▸ **Task to complete**
Copy the data that follows exactly, and include none of its images.

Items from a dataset

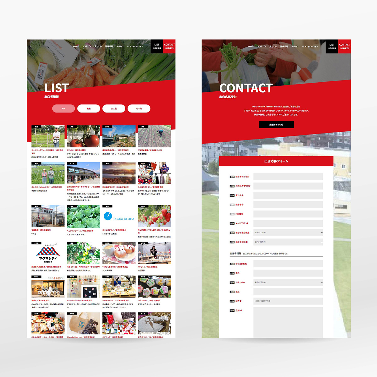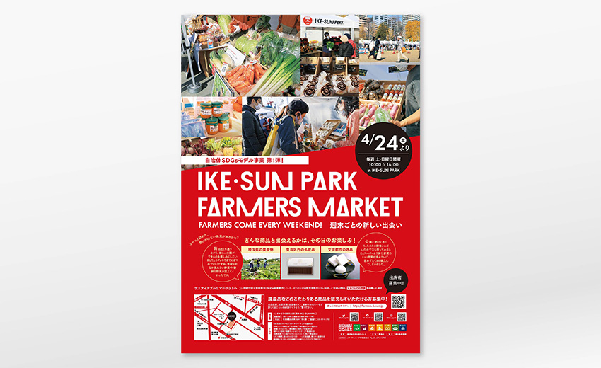 池袋にあるイケ・サンパークで毎週末開催される「ファーマーズマーケット」のWebサイトとチラシ、ポスターのデザインを手がけました。キーカラーのレッドで鮮烈な印象を与えると同時に、マーケットの期待感や息遣いを感じられるデザインを心がけました。紙でもWebでも媒体やレイアウトは違えど同じブランディングイメージで展開しています。
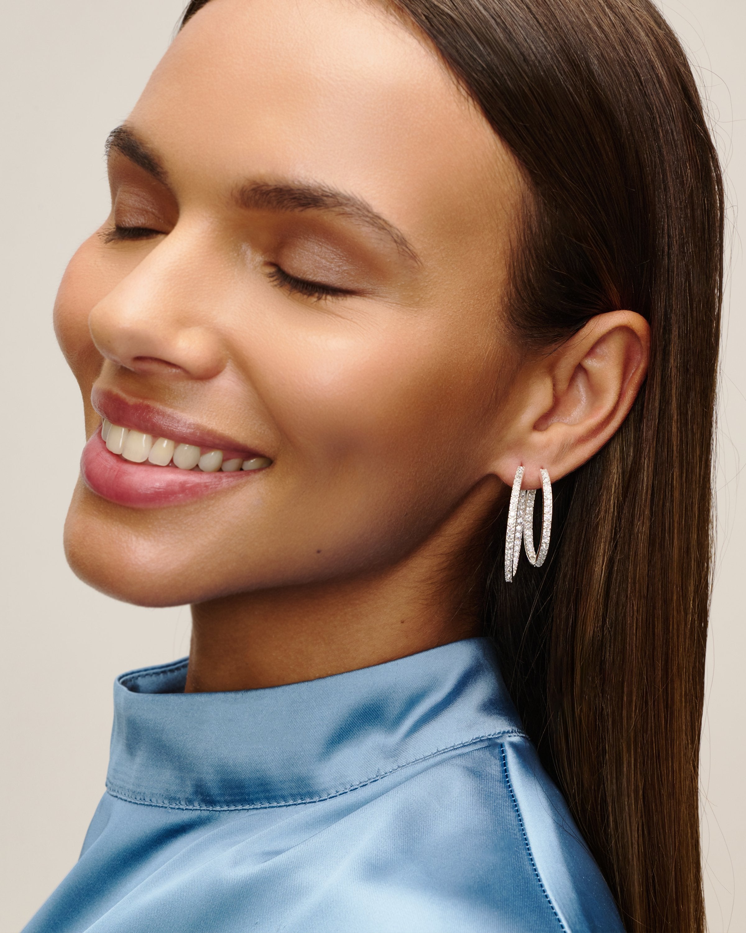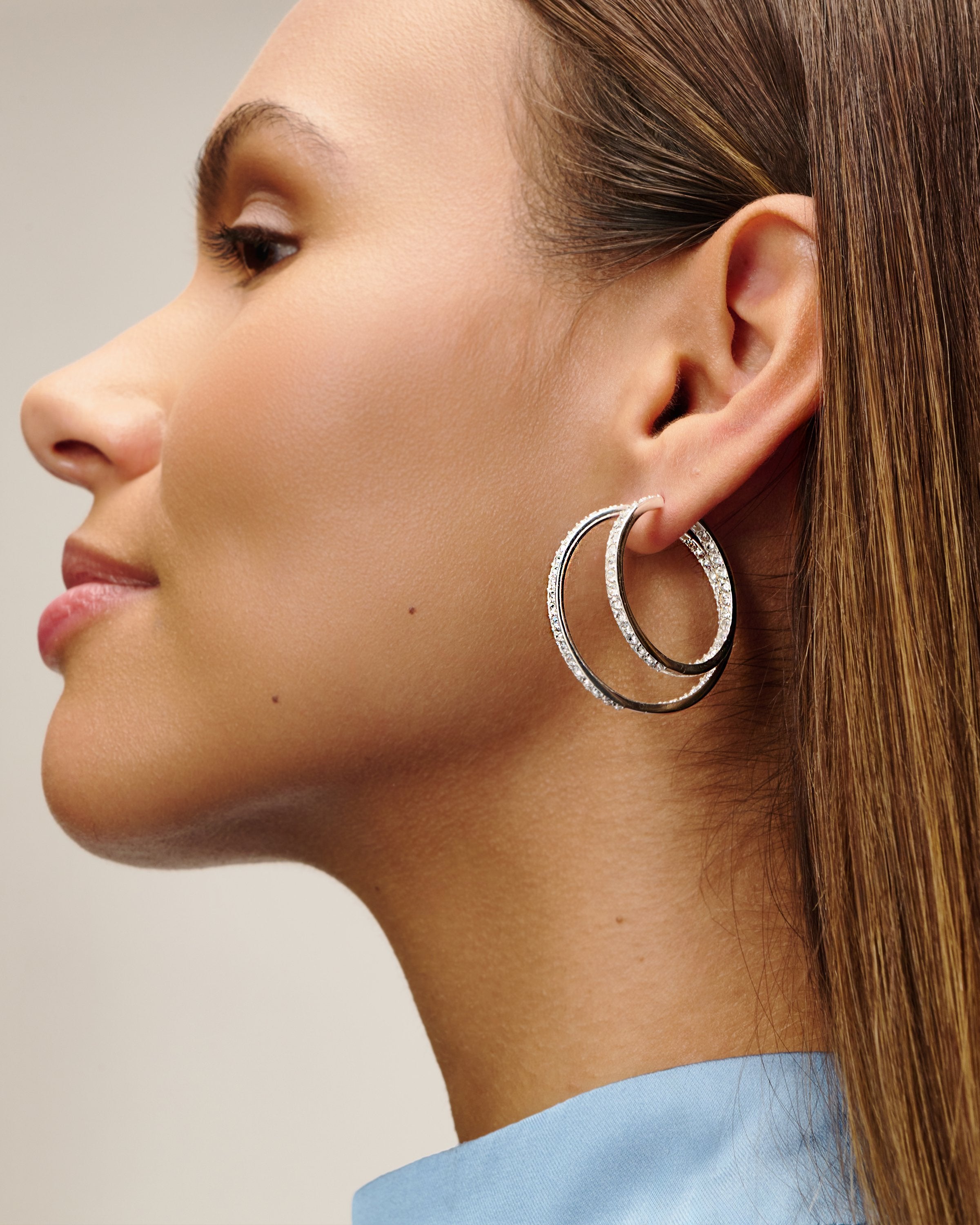 Diese Hoops von Pompidou fallen durch ihre klassische Formgebung und die edlen Zirkonia-Steine sofort auf. Mit diesen hochwertigen Creolen aus Sterlingsilber 925 lässt sich spielend leicht eine trendstarke Ear Party mit Earcuffs und Ohrsteckern kreieren. Damit liegt die stilbewusste Frau voll im Instagram-Trend und zeigt sich sowohl cool und lässig als auch elegant zum passenden Outfit.
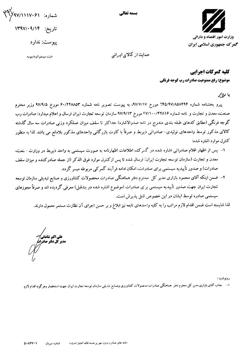 در قسمتی از این بخشنامه آمده است: صادرات رب گوجه فرنگی (مطابق کدهای طبقه بندی مندرج در نامه صدرالاشاره) حداکثر تا سقف میزان عملکرد وزنی صادرات سه سال گذشته کالای مذکور توسط واحدهای تولیدی-صادراتی ذیربط و صرفا با کارت بازرگانی واحدهای مذکور بلامانع می باشد.
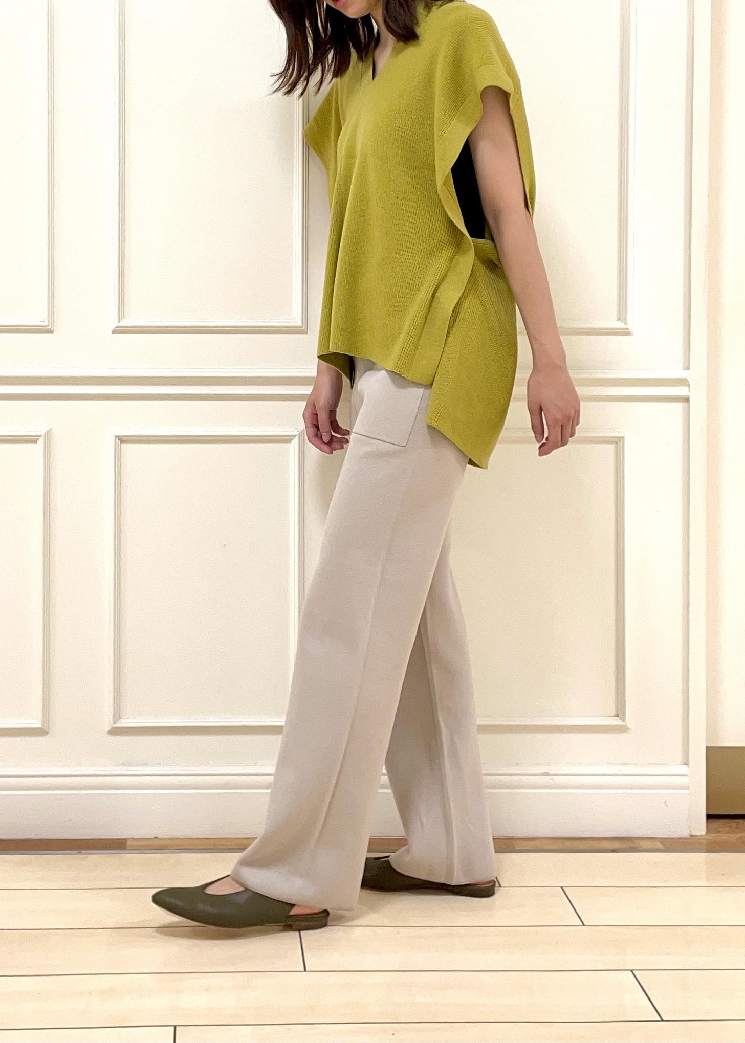 カジュアルなコーディネートですが、ワイドパンツから覗くVカットで足元はきちんと感を演出。
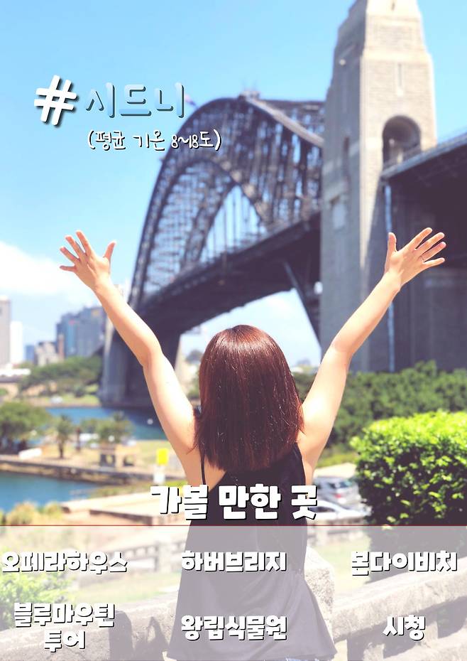 시드니는 남반구에 위치해 여름철에도 선선하며, 도심 속에서 예술과 자연을 동시에 즐길 수 있는 여름에 가기 좋은 해외 여행지 인데요. 세계적인 건축물인 오페라 하우스에 방문하여 내부 투어를 즐긴다거나 본다이 비치의 청록빛 해변에서 서핑과 여유로운 산책도 즐길 수 있습니다.
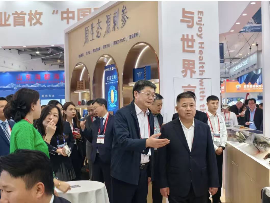 博覽會(huì)首日,大連市副市長(zhǎng)楚天運(yùn)親臨獐子島集團(tuán)展位,在獐子島集團(tuán)總裁戰(zhàn)成敏的陪同下考察指導(dǎo)。
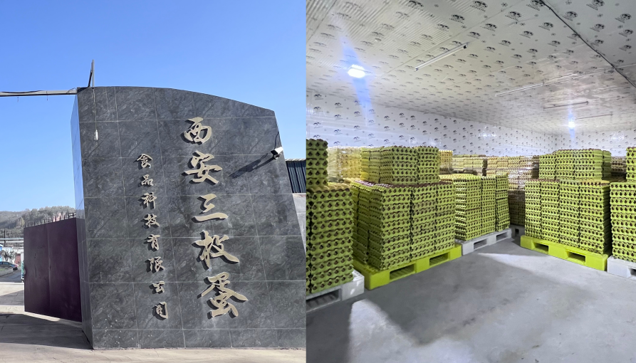 【西安市三枚蛋食品科技有限公司总经理谢宽宽:这个是我们的原料保鲜库,我带大家来参观一下。这个是我们的保鲜库,主要用于存放五天以内的无抗生素的鲜鸡蛋。这个冷库的容量能达到80吨,它常年的温度保持到0~3度。】
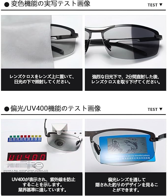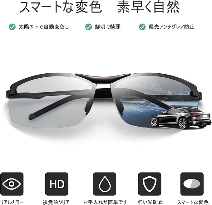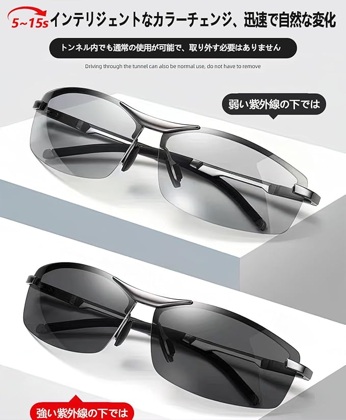 【メガネとサングラスを使い分ける必要がない】調光レンズは紫外線に反応して色がつくため、紫外線の当たらない室内ではほぼ透明に見えます。室内で色のついたサングラスをかけていると違和感がありますが、調光レンズのサングラスならかけっぱなしでもOK。シチュエーションによって使い分ける必要がないので、手間と荷物が減らせます。また、1日中外で過ごす場合や天候が変わりやすい日でも、明るさに応じてレンズの色が変化するため快適に過ごせます。【ご注意】調光レンズとは太陽光の紫外線の強弱によって変色しますので、社内、室内、曇り空など紫外線の弱いでは変色調光が弱くなることを予めご了承ください。調光効果につきましては付属の紫外線照射灯(ブルーライト)とテストカードにてご確認ください。
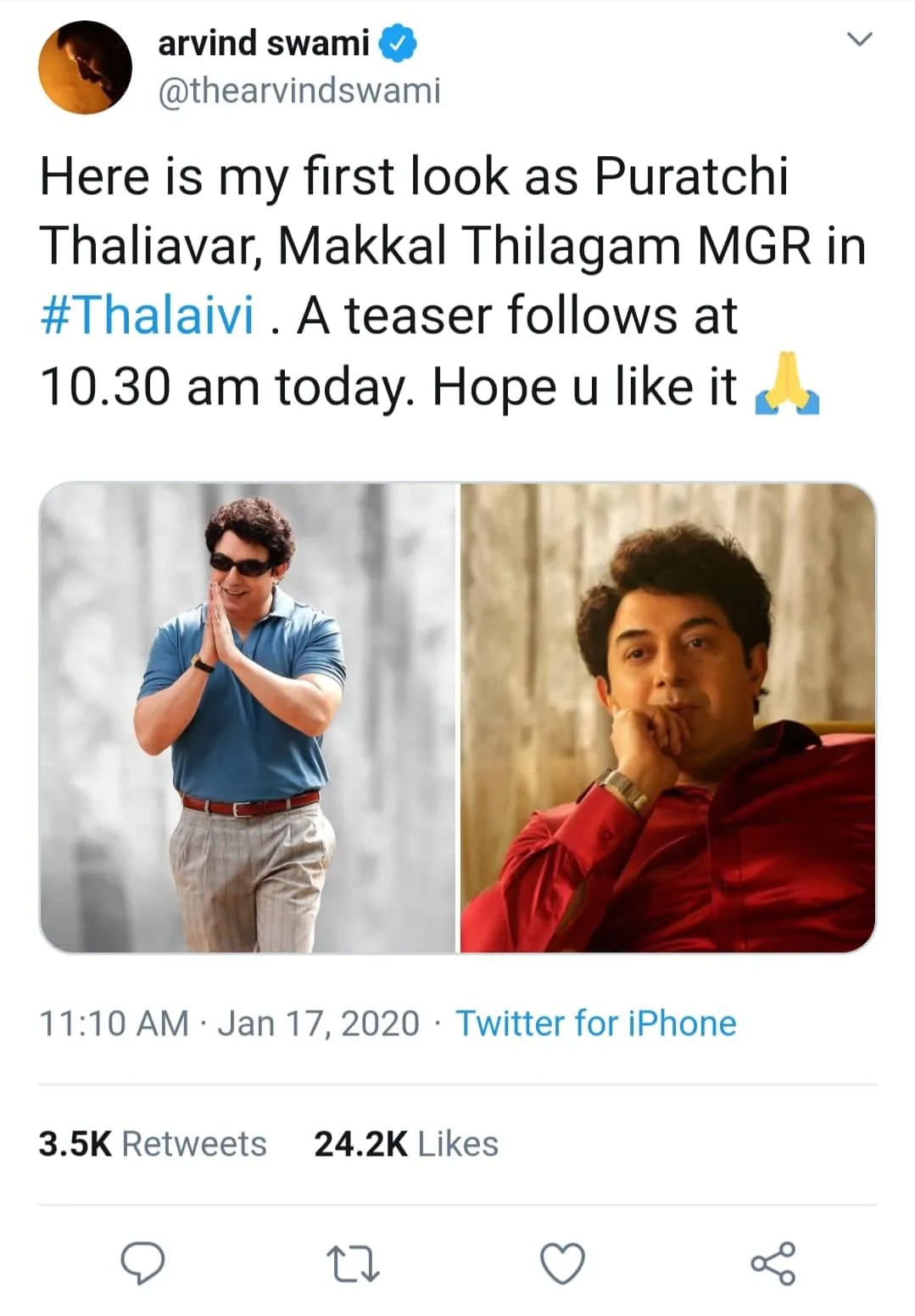 On the birth anniversary of the late MGR the Thalaivi team has revealed the first look of actor Arvind Swami as Makkal Thilagam MGR.
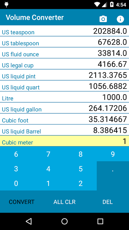 This app converts and shows volume in 11 different units like US teaspoon, US tablespoon, US fluid ounce, US legal cup, US liquid pint, US liquid quart, Liter, US liquid gallon, Cubic foot, US liquid barrel and Cubic meter. All the values can be read at a time as they are displayed on single screen.
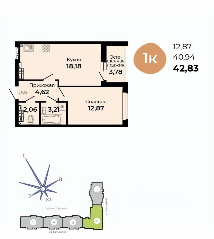 Общая площадь42,83 м2
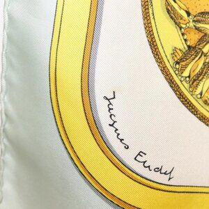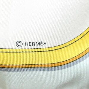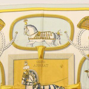 HERMES Carre 90 Scarf ""GRAND APPARAT"" Silk Light Blue Auth
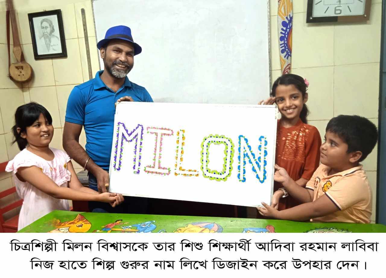 চিত্রশিল্পী মিলন বিশ্বাস শিক্ষার্থী আদিবা রহমান এর কাছ থেকে কেলিওগ্রাফি আর্ট উপহার পেয়ে আনন্দিত
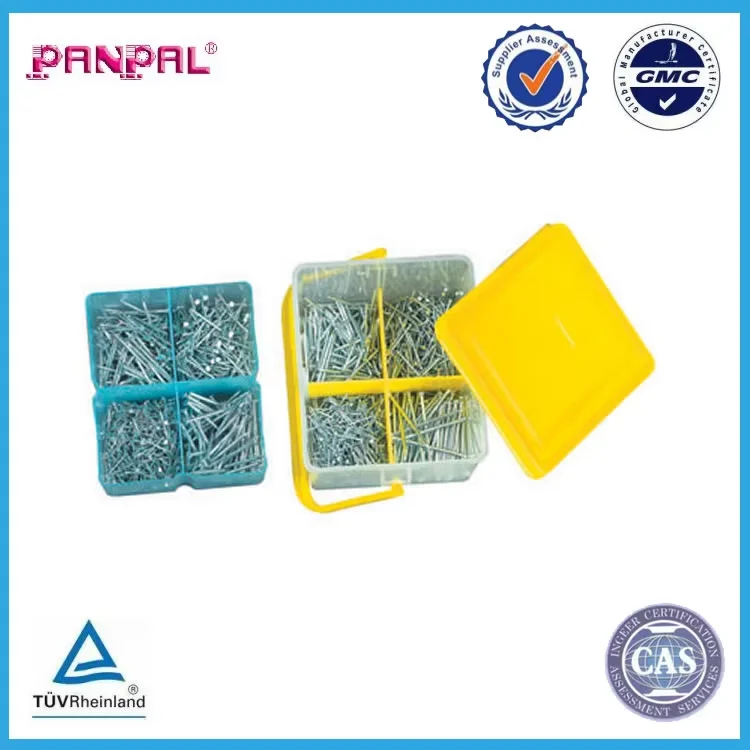 | Specifikation | 1700 stk. naglesortiment Trådnagler: 3/4"--400 stk. 1"--300 stk. 1-1/2"--100 stk. 2"--50 stk. Trådspigler: 3/4"--400 stk. 1"--300 stk. 1-1/2"--100 stk. 2"--50 stk. |

▸ **The answer**
 池袋にあるイケ・サンパークで毎週末開催される「ファーマーズマーケット」のWebサイトとチラシ、ポスターのデザインを手がけました。キーカラーのレッドで鮮烈な印象を与えると同時に、マーケットの期待感や息遣いを感じられるデザインを心がけました。紙でもWebでも媒体やレイアウトは違えど同じブランディングイメージで展開しています。
 Diese Hoops von Pompidou fallen durch ihre klassische Formgebung und die edlen Zirkonia-Steine sofort auf. Mit diesen hochwertigen Creolen aus Sterlingsilber 925 lässt sich spielend leicht eine trendstarke Ear Party mit Earcuffs und Ohrsteckern kreieren. Damit liegt die stilbewusste Frau voll im Instagram-Trend und zeigt sich sowohl cool und lässig als auch elegant zum passenden Outfit.
 در قسمتی از این بخشنامه آمده است: صادرات رب گوجه فرنگی (مطابق کدهای طبقه بندی مندرج در نامه صدرالاشاره) حداکثر تا سقف میزان عملکرد وزنی صادرات سه سال گذشته کالای مذکور توسط واحدهای تولیدی-صادراتی ذیربط و صرفا با کارت بازرگانی واحدهای مذکور بلامانع می باشد.
 カジュアルなコーディネートですが、ワイドパンツから覗くVカットで足元はきちんと感を演出。
 시드니는 남반구에 위치해 여름철에도 선선하며, 도심 속에서 예술과 자연을 동시에 즐길 수 있는 여름에 가기 좋은 해외 여행지 인데요. 세계적인 건축물인 오페라 하우스에 방문하여 내부 투어를 즐긴다거나 본다이 비치의 청록빛 해변에서 서핑과 여유로운 산책도 즐길 수 있습니다.
 博覽會(huì)首日,大連市副市長(zhǎng)楚天運(yùn)親臨獐子島集團(tuán)展位,在獐子島集團(tuán)總裁戰(zhàn)成敏的陪同下考察指導(dǎo)。
 【西安市三枚蛋食品科技有限公司总经理谢宽宽:这个是我们的原料保鲜库,我带大家来参观一下。这个是我们的保鲜库,主要用于存放五天以内的无抗生素的鲜鸡蛋。这个冷库的容量能达到80吨,它常年的温度保持到0~3度。】
 【メガネとサングラスを使い分ける必要がない】調光レンズは紫外線に反応して色がつくため、紫外線の当たらない室内ではほぼ透明に見えます。室内で色のついたサングラスをかけていると違和感がありますが、調光レンズのサングラスならかけっぱなしでもOK。シチュエーションによって使い分ける必要がないので、手間と荷物が減らせます。また、1日中外で過ごす場合や天候が変わりやすい日でも、明るさに応じてレンズの色が変化するため快適に過ごせます。【ご注意】調光レンズとは太陽光の紫外線の強弱によって変色しますので、社内、室内、曇り空など紫外線の弱いでは変色調光が弱くなることを予めご了承ください。調光効果につきましては付属の紫外線照射灯(ブルーライト)とテストカードにてご確認ください。
 On the birth anniversary of the late MGR the Thalaivi team has revealed the first look of actor Arvind Swami as Makkal Thilagam MGR.
 This app converts and shows volume in 11 different units like US teaspoon, US tablespoon, US fluid ounce, US legal cup, US liquid pint, US liquid quart, Liter, US liquid gallon, Cubic foot, US liquid barrel and Cubic meter. All the values can be read at a time as they are displayed on single screen.
 Общая площадь42,83 м2
 HERMES Carre 90 Scarf ""GRAND APPARAT"" Silk Light Blue Auth
 চিত্রশিল্পী মিলন বিশ্বাস শিক্ষার্থী আদিবা রহমান এর কাছ থেকে কেলিওগ্রাফি আর্ট উপহার পেয়ে আনন্দিত
 | Specifikation | 1700 stk. naglesortiment Trådnagler: 3/4"--400 stk. 1"--300 stk. 1-1/2"--100 stk. 2"--50 stk. Trådspigler: 3/4"--400 stk. 1"--300 stk. 1-1/2"--100 stk. 2"--50 stk. |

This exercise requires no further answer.